Вот он мчит, смешон и страшен,
апокалипсис с мотором,
хлам барокко, черный ворон,
горностаевый папаша.
А это ведь было только начало,
и когда тремя десятилетьями позже
нагрянул изверг и разверз глотку,
изрыгая речь, словно мерзкую слизь,
мы все онемели; иссохло Слово,
и будто навек нас лишили возможности
понимать друг друга;
на поэтов смотрели как на презренных фигляров,
что плоды превращают в увядшие розы.
Смех застрял у нас в горле, и мы увидали
маску ужаса, кладбищенский китч,
налепленный лавочнику-палачу на лицо
маска на маске, личина на мертвечине,
лик бесслезности.
Революции, однако, эти возмущения естества против извращений естества, против призрачности и вопиющей недозволенности, но также и против многообразия убеждений, которое они жаждут выжечь дотла мрачно-свирепым огнем террора и насильственного обращения, революции сами становятся призрачными, ибо всякий террор порождает власть нового обывателя, обывателя от революции, пользующегося плодами революции, виртуозного мастера террора, трижды окаянного осквернителя всякой справедливости; горе нам, горе!
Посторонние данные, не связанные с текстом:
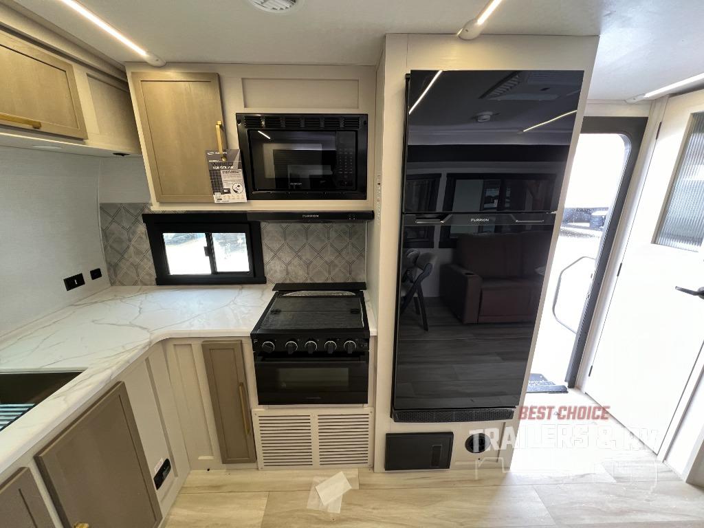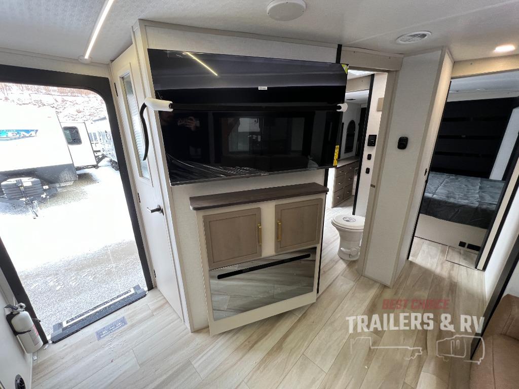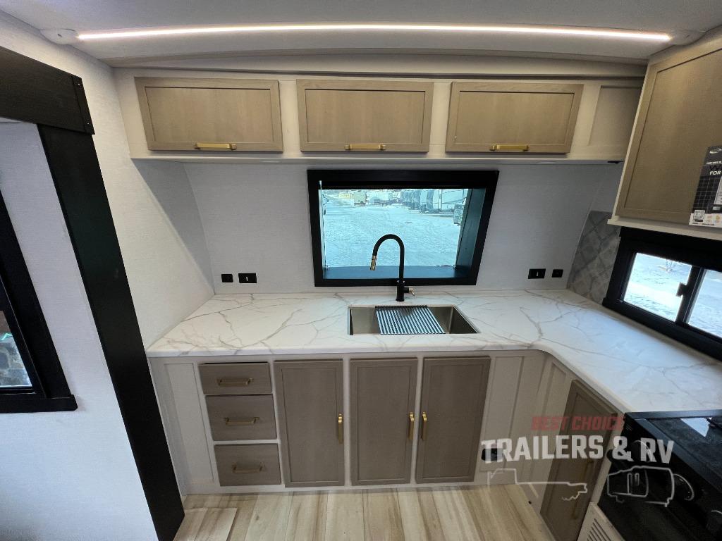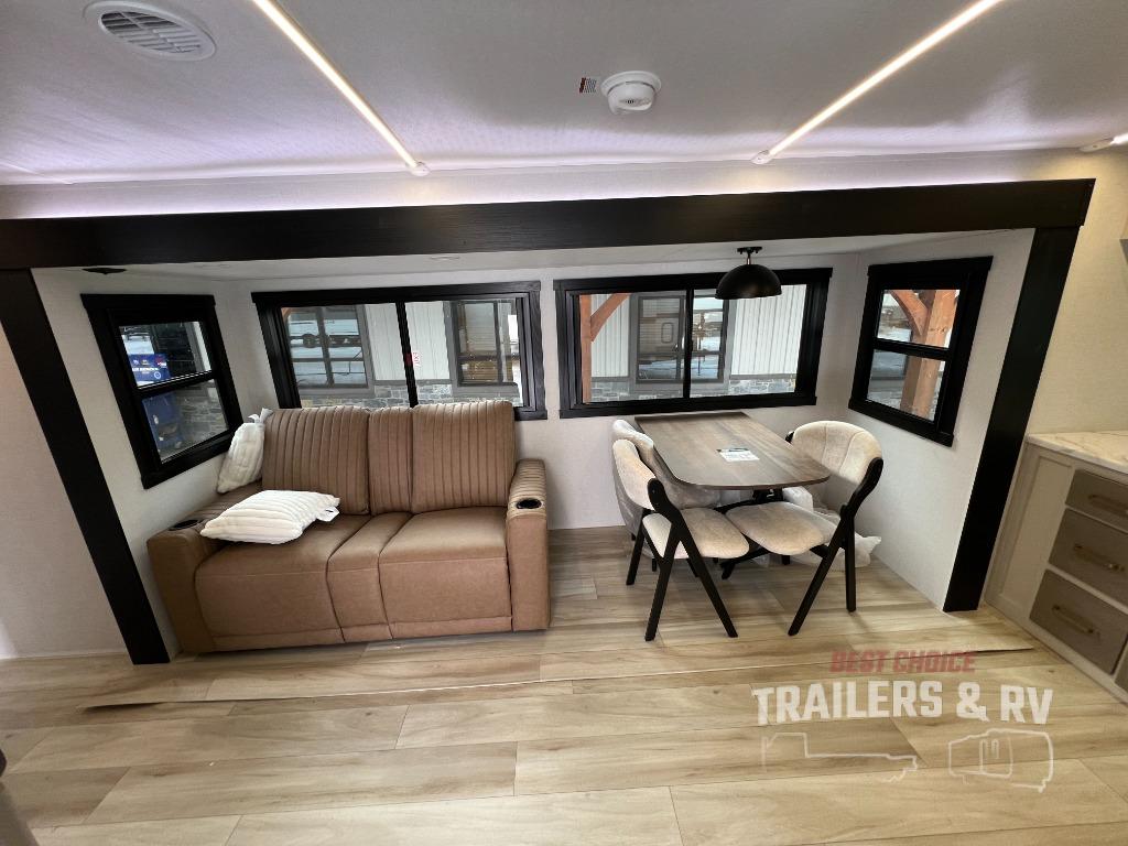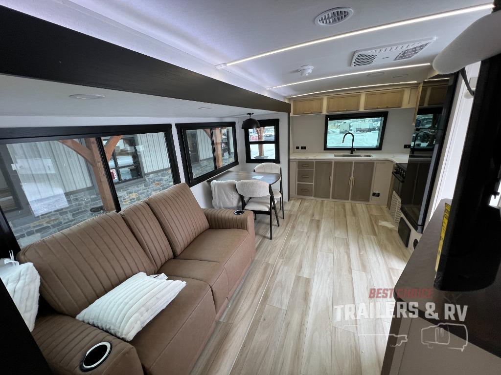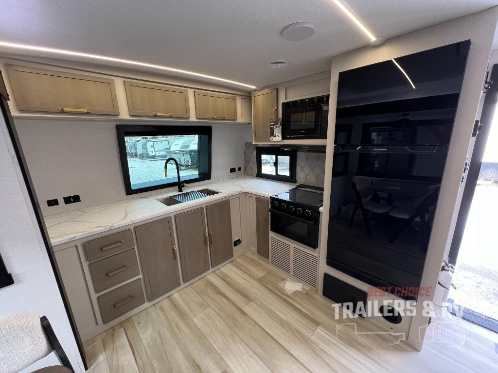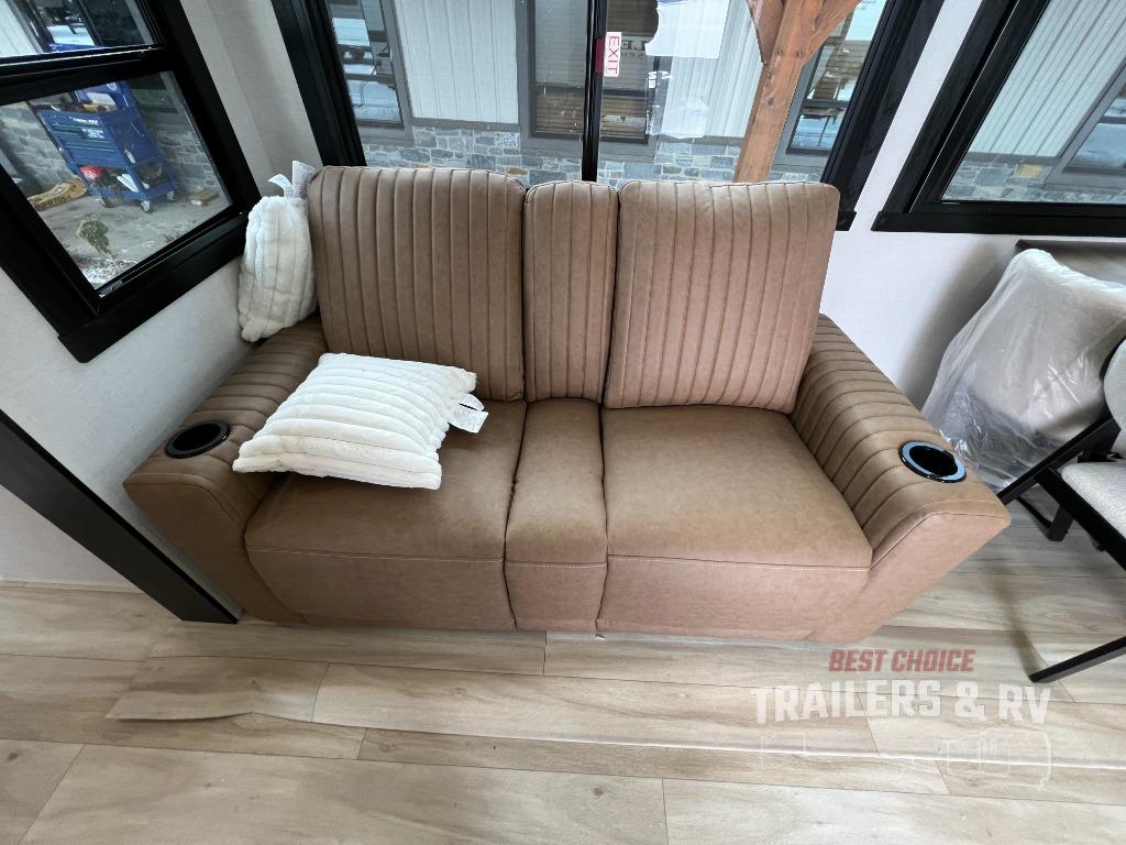 Once you step inside this dual entry travel trailer, you won't want to camp any other way! The rear private bedroom will have you feeling right at home with the custom king bed across from a dresser with a TV hookup, a large bedroom wardrobe, and there is even a closet with washer/dryer prep. The dual entry bath makes it easy for everyone to access and it has a radius shower with a skylight above for added natural lighting as you get ready each morning. Both the theater seating and the booth dinette have a panoramic window for you to look out at your beautiful scenery. The chef of the group will love cooking in the front kitchen with all of the extra countertop space, as well as outdoors with the outside kitchen!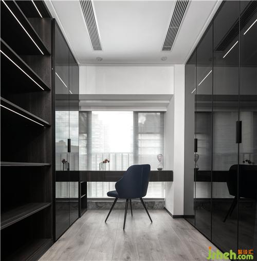 業(yè)主家喜歡藍色,并且要求主臥的床越大越好。我們以深灰色的基調(diào)搭配木地板,鋪以燈光制造氛圍,深色系的臥室更能讓人進入睡眠狀態(tài)。床頭背景墻軟包與硬包相結(jié)合,中間為不銹鋼。透露了一絲精致感。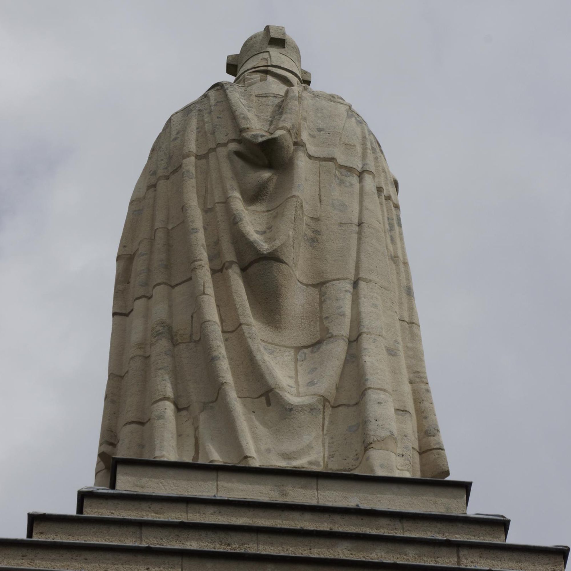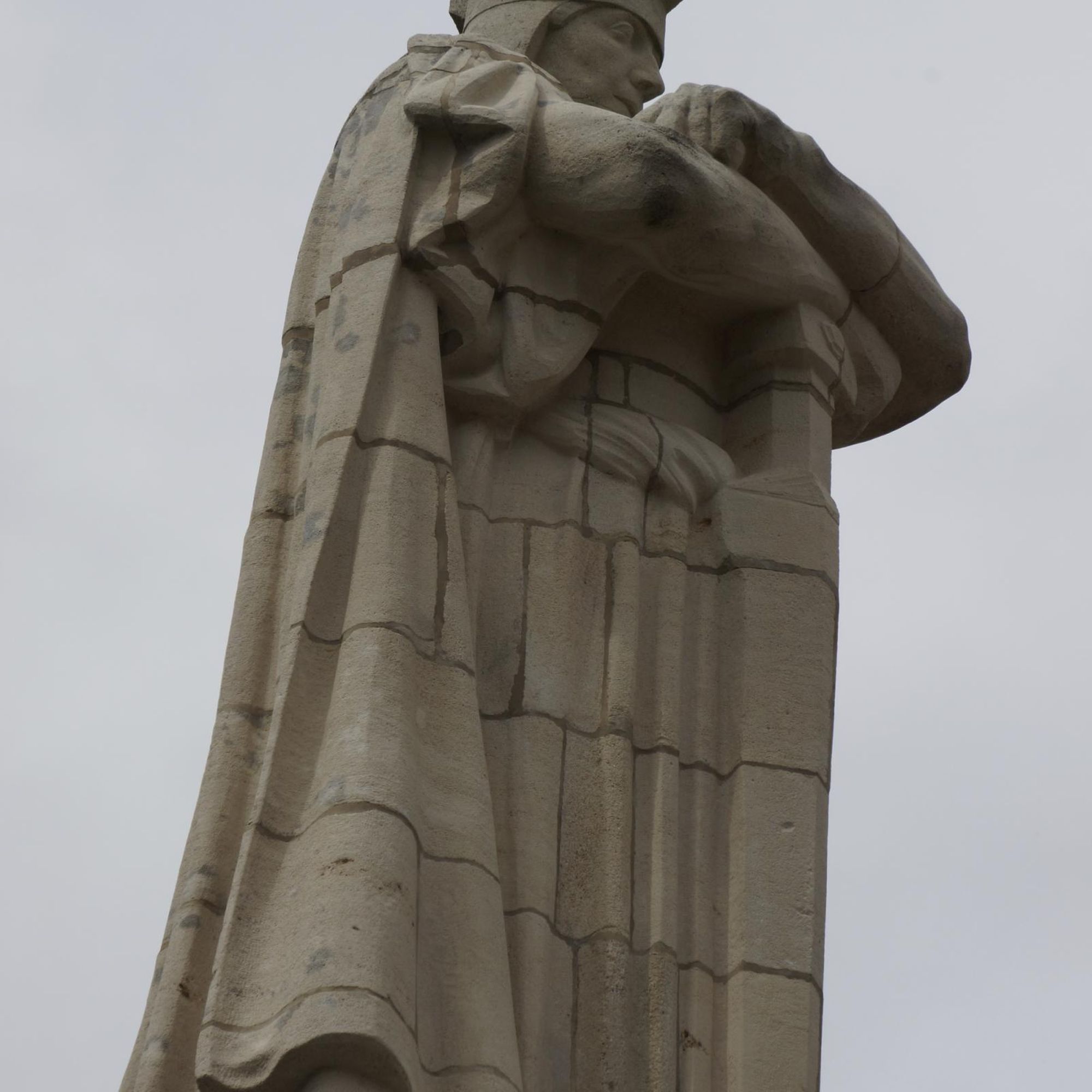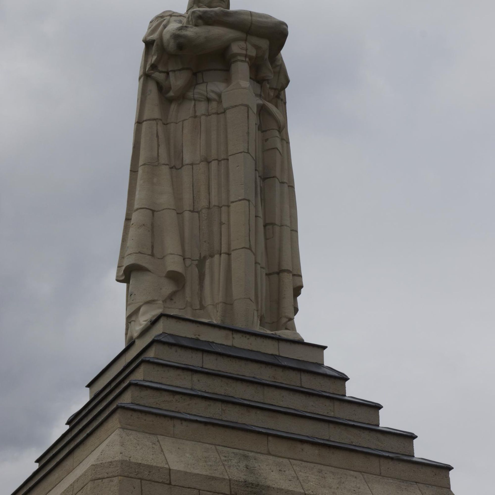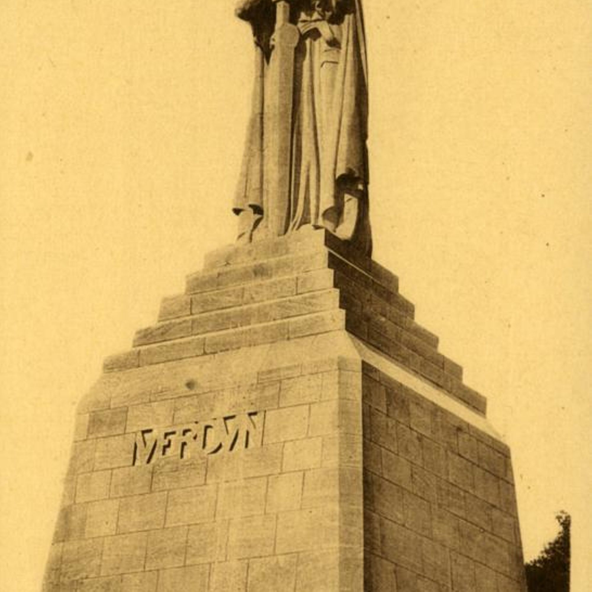 Du haut d'une tour pyramidale de 30 m au sommet tronqué, un guerrier franc appuyé sur son épée massive monte la garde, le regard porté vers les champs de bataille à l'est. Au pied de la pyramide, une crypte abrite trois niches présentant sur des socles de marbre les Livres d'Or des soldats français et américains ayant combattu en Meuse (les Livres sont aujourd'hui visibles en mairie).

О, революционная справедливость! Обыватель превращает революцию в бесовское подобие революции, в разбой и хуже разбоя, ибо в суррогате этом нет уж и догм, а есть лишь голая власть; и уже не обращением в свою веру она озабочена, насильственным или мирным,—нет, теперь правит одна только окаянность, до поры до времени таящаяся за любым убежденьем, технически безукоризненная машина террора, концентрационный лагерь и лаборатория пыток — дабы посредством возведенного в закон беззакония, посредством возведенной в истину бесовской лжи осуществить почти уже абстрактное всепорабощение, чуждое всему человеческому.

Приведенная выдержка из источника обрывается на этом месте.